Records for processing:

----------

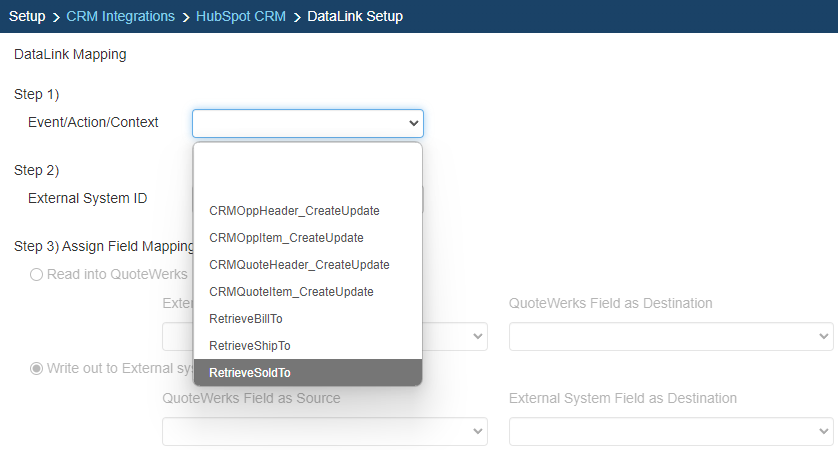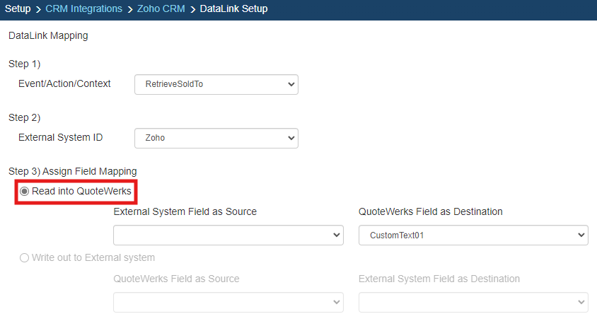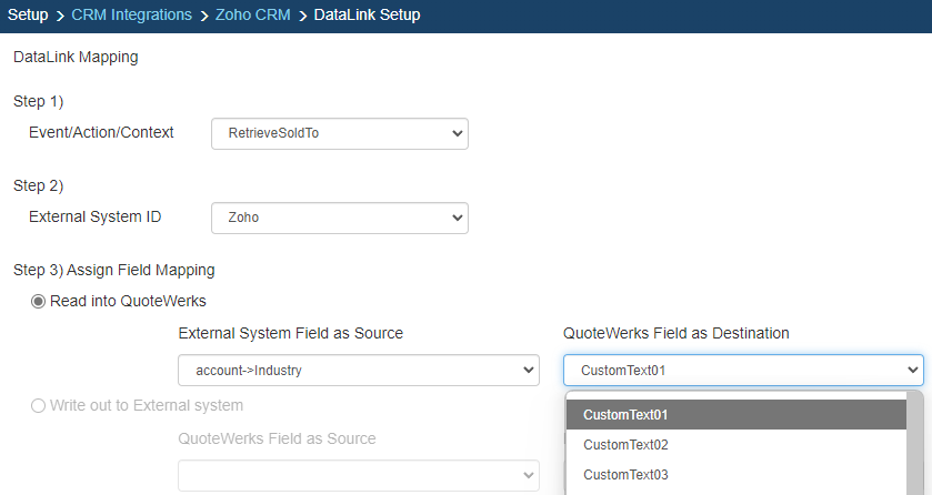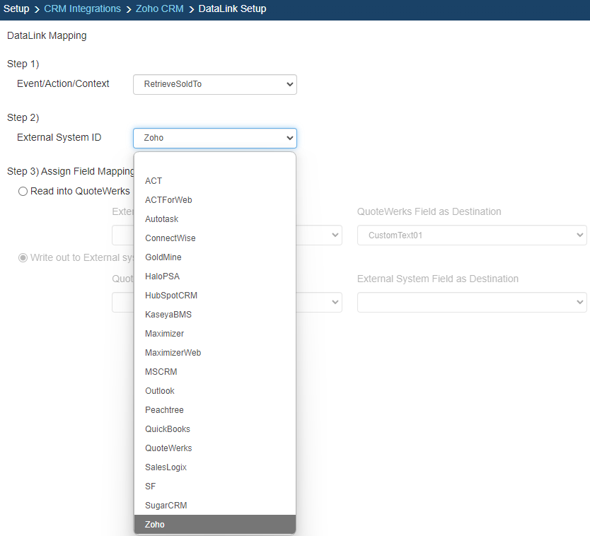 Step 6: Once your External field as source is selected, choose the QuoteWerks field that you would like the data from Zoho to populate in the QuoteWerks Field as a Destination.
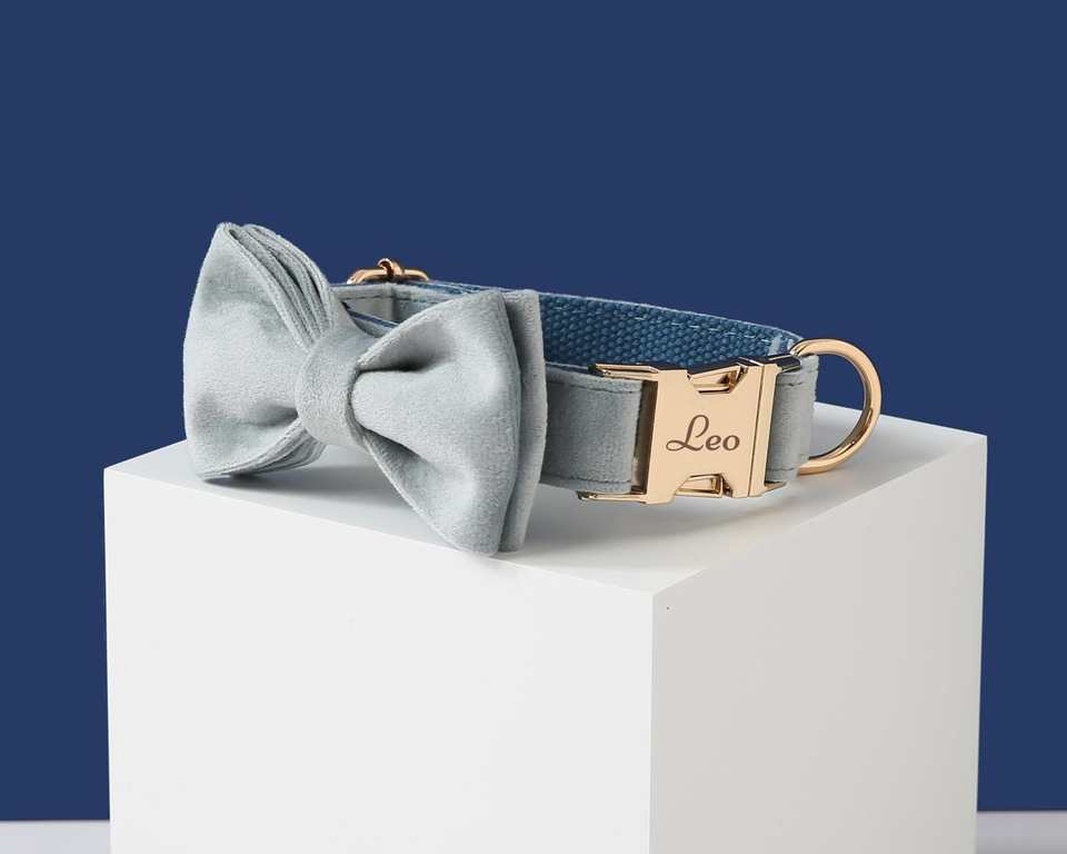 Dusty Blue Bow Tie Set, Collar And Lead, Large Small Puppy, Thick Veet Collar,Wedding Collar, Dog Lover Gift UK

----------

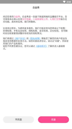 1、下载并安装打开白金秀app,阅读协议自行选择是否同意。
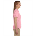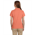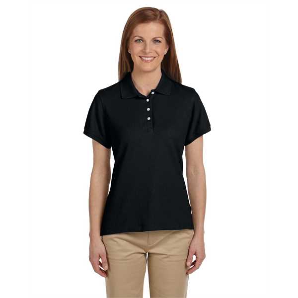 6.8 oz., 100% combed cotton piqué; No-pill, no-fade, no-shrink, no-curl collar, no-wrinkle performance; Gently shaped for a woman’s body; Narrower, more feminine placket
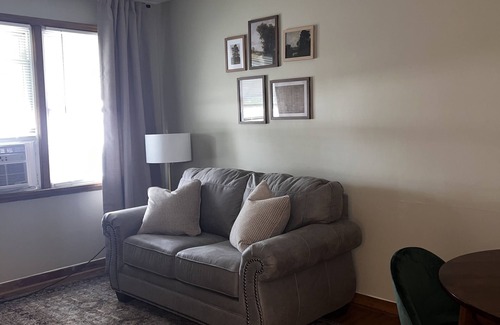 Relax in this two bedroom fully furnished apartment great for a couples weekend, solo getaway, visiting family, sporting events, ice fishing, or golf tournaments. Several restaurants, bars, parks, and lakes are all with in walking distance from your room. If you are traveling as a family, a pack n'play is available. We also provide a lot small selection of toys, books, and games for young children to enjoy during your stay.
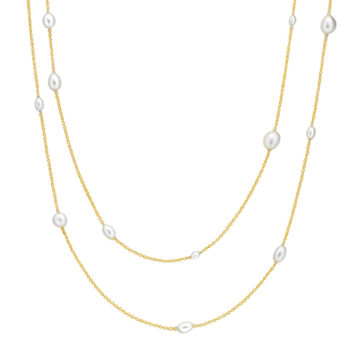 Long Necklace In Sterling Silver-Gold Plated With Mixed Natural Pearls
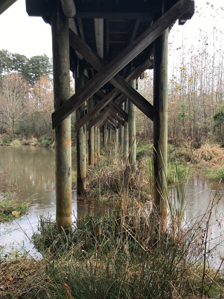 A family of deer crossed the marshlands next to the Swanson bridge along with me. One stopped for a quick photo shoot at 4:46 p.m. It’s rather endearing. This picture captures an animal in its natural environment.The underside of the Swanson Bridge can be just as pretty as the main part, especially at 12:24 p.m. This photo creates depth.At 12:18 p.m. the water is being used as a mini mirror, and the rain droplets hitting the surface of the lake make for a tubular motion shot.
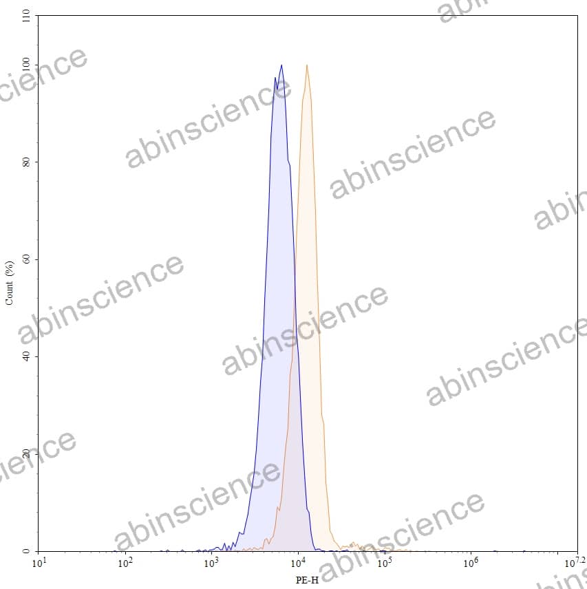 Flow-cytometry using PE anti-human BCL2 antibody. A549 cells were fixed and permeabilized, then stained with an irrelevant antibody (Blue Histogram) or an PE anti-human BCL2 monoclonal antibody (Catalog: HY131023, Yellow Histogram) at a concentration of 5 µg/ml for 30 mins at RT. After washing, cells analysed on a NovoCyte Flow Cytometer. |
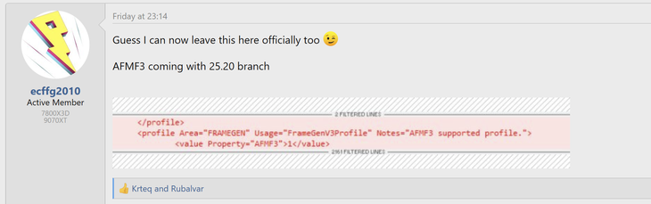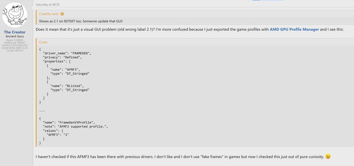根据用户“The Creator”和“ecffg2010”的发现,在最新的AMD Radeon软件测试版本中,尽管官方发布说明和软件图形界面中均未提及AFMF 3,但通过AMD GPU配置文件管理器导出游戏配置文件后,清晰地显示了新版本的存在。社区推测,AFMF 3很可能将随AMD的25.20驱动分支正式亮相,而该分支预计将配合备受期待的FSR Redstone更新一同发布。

----------

Assigned task:
Your copy should hold only the lines above from the one containing "Step 6: Once" through the one containing "Dusty Blue Bow", exactly as written and free of pictures.

Exercise result:
 Step 6: Once your External field as source is selected, choose the QuoteWerks field that you would like the data from Zoho to populate in the QuoteWerks Field as a Destination.
 Dusty Blue Bow Tie Set, Collar And Lead, Large Small Puppy, Thick Veet Collar,Wedding Collar, Dog Lover Gift UK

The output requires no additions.